* Exercise aim *
Below is a block of entries; repeat exactly the lines starting at the line that contains "PALKOVICS LÁSZLÓ MINISZTER" and ending at the line that contains "这几天,宁波镇海中学自行车棚", both included.

** Opening Given data block **

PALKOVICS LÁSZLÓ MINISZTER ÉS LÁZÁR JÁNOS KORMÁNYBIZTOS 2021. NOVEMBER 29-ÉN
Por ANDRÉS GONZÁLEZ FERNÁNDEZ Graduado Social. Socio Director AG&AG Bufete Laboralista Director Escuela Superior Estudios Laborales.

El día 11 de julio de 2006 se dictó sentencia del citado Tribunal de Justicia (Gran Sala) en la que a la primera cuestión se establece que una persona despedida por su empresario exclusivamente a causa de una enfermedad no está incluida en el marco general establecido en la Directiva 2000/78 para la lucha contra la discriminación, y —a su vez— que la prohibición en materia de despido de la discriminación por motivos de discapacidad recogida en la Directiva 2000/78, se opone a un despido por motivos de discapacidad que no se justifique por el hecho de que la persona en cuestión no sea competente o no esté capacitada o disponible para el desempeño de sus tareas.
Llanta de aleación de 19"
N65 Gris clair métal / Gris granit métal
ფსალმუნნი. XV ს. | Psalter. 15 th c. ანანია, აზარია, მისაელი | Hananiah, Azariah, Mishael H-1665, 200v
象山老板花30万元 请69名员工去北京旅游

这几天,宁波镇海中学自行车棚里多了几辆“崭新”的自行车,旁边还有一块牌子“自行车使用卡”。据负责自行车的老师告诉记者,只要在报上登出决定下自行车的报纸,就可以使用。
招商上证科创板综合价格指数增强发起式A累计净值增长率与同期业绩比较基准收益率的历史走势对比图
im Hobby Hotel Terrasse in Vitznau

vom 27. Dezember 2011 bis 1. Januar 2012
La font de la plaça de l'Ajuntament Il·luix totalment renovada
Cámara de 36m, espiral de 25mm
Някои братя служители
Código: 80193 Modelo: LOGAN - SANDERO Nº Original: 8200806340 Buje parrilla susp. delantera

** Closing Given data block **
** Opening Given data block **

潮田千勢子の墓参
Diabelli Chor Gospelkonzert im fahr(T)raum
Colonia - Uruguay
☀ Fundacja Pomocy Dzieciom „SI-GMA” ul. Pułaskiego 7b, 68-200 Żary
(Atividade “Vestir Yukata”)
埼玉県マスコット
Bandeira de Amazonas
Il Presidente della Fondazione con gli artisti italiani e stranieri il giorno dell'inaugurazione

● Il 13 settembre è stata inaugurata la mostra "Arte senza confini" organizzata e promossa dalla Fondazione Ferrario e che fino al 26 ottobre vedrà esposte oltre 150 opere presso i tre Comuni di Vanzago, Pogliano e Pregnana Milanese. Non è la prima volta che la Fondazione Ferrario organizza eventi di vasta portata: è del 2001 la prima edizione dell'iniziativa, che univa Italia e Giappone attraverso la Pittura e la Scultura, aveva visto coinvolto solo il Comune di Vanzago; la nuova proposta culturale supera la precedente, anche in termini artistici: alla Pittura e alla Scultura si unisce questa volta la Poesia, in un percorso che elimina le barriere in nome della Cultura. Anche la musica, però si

** Closing Given data block **

* Finished task *
PALKOVICS LÁSZLÓ MINISZTER ÉS LÁZÁR JÁNOS KORMÁNYBIZTOS 2021. NOVEMBER 29-ÉN
Por ANDRÉS GONZÁLEZ FERNÁNDEZ Graduado Social. Socio Director AG&AG Bufete Laboralista Director Escuela Superior Estudios Laborales.

El día 11 de julio de 2006 se dictó sentencia del citado Tribunal de Justicia (Gran Sala) en la que a la primera cuestión se establece que una persona despedida por su empresario exclusivamente a causa de una enfermedad no está incluida en el marco general establecido en la Directiva 2000/78 para la lucha contra la discriminación, y —a su vez— que la prohibición en materia de despido de la discriminación por motivos de discapacidad recogida en la Directiva 2000/78, se opone a un despido por motivos de discapacidad que no se justifique por el hecho de que la persona en cuestión no sea competente o no esté capacitada o disponible para el desempeño de sus tareas.
Llanta de aleación de 19"
N65 Gris clair métal / Gris granit métal
ფსალმუნნი. XV ს. | Psalter. 15 th c. ანანია, აზარია, მისაელი | Hananiah, Azariah, Mishael H-1665, 200v
象山老板花30万元 请69名员工去北京旅游

这几天,宁波镇海中学自行车棚里多了几辆“崭新”的自行车,旁边还有一块牌子“自行车使用卡”。据负责自行车的老师告诉记者,只要在报上登出决定下自行车的报纸,就可以使用。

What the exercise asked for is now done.